* Problem requirements *
The answer is to be the lines below that lie between the line holding "А вы знаете, что" and the line holding "Rohrsen. Der Spielmannszug", inclusive, transcribed exactly and free of pictures.

* Provided data *
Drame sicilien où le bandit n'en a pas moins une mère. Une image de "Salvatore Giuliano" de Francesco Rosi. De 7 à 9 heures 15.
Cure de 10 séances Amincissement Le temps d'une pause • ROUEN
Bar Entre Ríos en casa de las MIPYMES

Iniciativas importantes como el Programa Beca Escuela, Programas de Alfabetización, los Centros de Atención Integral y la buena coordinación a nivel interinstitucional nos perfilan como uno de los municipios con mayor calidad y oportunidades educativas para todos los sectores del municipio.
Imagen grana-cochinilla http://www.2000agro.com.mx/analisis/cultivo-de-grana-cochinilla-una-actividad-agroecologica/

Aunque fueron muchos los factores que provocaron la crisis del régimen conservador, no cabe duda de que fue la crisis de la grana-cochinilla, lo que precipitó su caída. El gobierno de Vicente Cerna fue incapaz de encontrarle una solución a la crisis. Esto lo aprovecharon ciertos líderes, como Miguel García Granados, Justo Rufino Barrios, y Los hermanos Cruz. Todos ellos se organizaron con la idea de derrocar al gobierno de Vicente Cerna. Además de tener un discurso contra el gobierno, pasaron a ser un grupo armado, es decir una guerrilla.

==

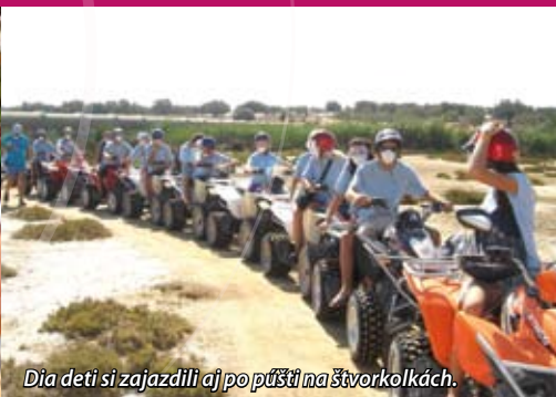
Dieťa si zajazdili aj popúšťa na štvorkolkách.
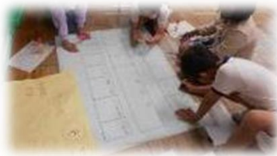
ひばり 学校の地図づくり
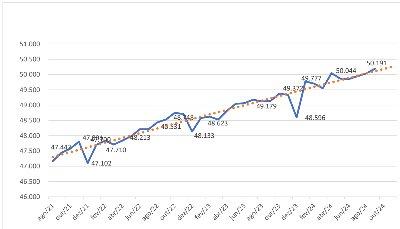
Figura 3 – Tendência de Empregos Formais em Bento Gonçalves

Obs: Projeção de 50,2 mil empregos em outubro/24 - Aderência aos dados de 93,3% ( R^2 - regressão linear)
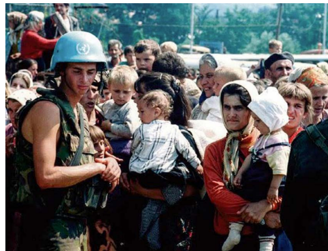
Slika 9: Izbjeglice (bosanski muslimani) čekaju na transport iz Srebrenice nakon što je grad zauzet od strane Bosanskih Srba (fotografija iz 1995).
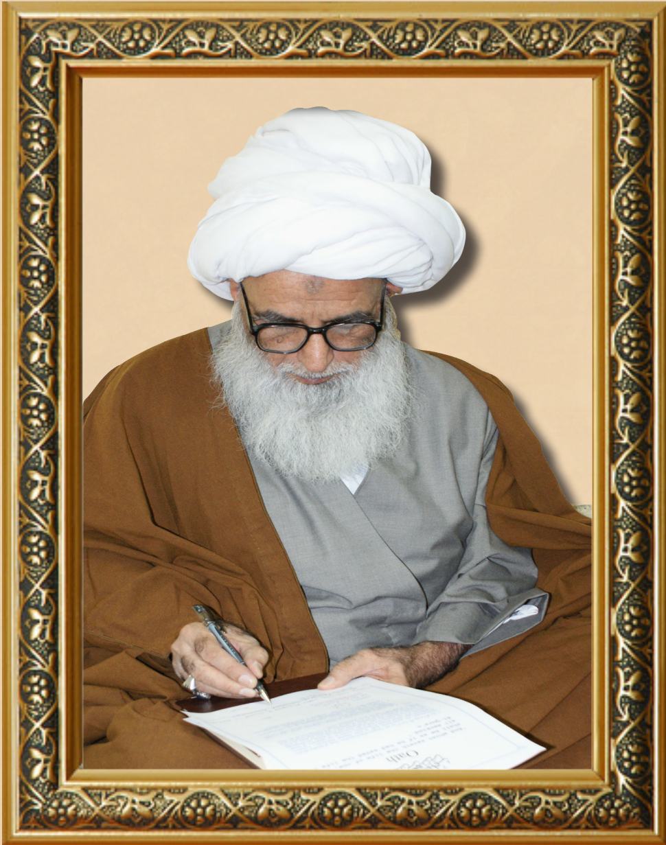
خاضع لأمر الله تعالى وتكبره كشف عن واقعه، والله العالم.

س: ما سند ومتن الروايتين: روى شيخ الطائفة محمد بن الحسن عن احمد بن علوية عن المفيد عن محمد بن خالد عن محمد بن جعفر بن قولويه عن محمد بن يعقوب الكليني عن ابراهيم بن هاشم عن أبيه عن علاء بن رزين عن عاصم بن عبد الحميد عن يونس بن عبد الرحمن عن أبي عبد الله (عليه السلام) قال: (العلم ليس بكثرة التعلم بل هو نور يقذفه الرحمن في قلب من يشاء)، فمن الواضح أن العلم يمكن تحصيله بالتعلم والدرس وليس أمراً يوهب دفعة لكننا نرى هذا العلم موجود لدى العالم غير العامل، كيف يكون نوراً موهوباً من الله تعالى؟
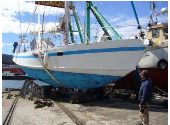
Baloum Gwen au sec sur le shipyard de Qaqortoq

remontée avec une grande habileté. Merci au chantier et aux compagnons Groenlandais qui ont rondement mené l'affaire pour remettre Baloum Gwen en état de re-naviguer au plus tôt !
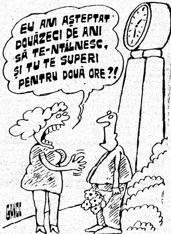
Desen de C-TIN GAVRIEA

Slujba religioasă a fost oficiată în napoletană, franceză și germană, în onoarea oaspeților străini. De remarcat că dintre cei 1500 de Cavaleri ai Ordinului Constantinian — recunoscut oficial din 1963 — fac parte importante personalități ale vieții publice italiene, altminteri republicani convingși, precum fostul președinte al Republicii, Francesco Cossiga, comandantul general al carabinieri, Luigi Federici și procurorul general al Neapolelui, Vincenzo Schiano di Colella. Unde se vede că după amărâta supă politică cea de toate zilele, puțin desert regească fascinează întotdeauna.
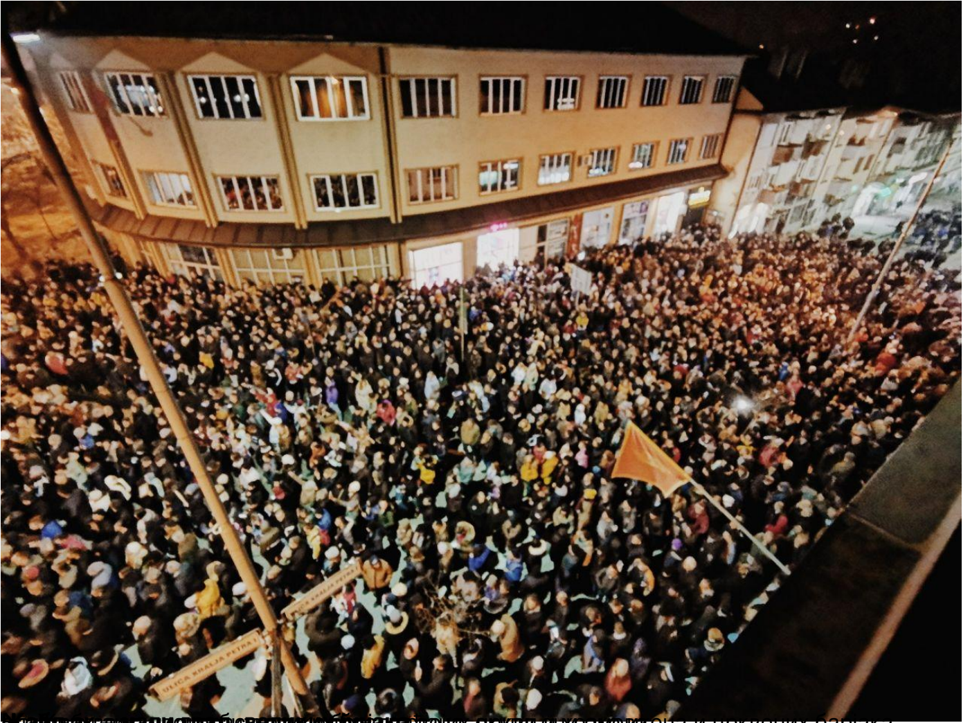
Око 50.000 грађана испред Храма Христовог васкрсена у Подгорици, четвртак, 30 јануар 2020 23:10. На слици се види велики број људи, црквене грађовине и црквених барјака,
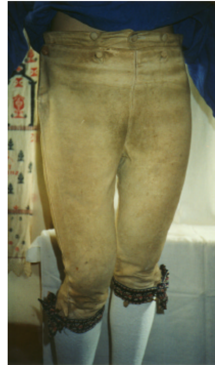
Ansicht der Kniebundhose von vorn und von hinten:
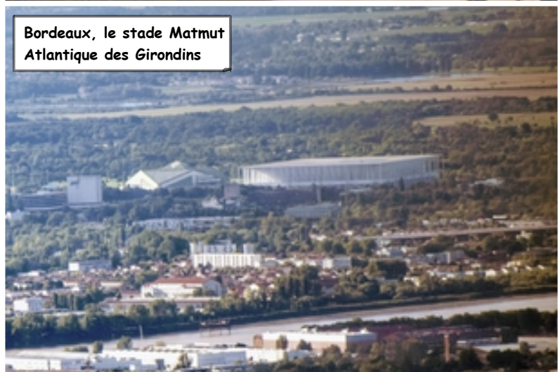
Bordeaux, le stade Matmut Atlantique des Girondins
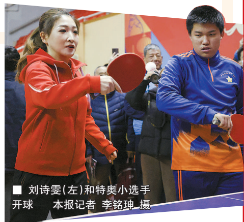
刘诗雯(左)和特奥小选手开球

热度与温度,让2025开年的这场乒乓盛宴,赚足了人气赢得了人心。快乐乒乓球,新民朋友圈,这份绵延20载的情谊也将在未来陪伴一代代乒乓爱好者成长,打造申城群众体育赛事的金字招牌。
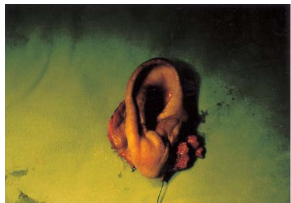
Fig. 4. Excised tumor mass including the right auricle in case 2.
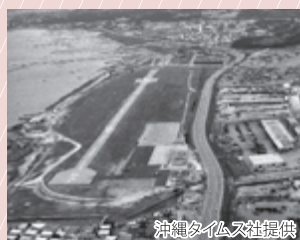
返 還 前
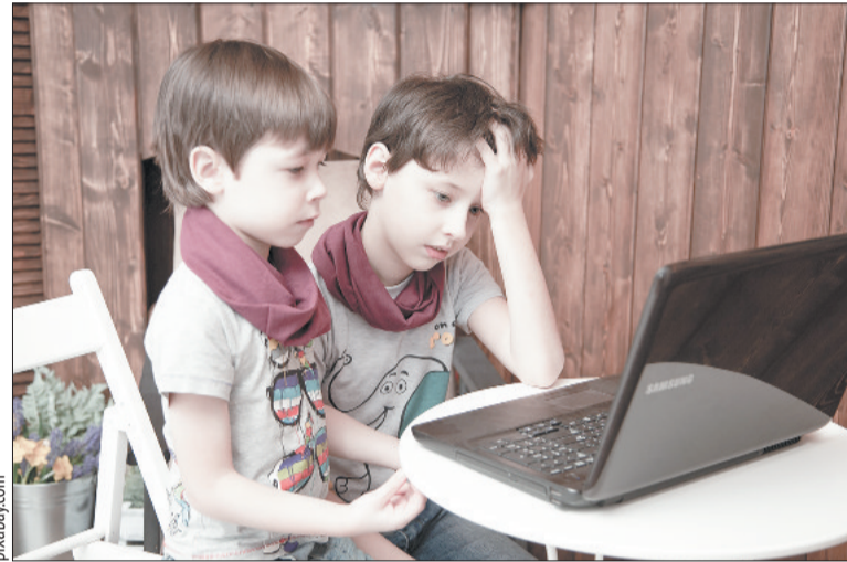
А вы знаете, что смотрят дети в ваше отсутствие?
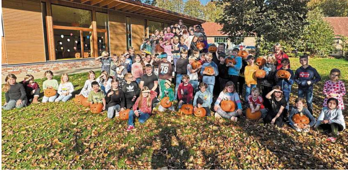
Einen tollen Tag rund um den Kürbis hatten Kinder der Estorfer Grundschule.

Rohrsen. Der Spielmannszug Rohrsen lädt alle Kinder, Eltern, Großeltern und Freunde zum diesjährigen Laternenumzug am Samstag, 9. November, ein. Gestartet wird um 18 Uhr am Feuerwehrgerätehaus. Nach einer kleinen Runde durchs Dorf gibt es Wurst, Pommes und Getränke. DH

* Output of the exercise *
А вы знаете, что смотрят дети в ваше отсутствие?
Einen tollen Tag rund um den Kürbis hatten Kinder der Estorfer Grundschule.

Rohrsen. Der Spielmannszug Rohrsen lädt alle Kinder, Eltern, Großeltern und Freunde zum diesjährigen Laternenumzug am Samstag, 9. November, ein. Gestartet wird um 18 Uhr am Feuerwehrgerätehaus. Nach einer kleinen Runde durchs Dorf gibt es Wurst, Pommes und Getränke. DH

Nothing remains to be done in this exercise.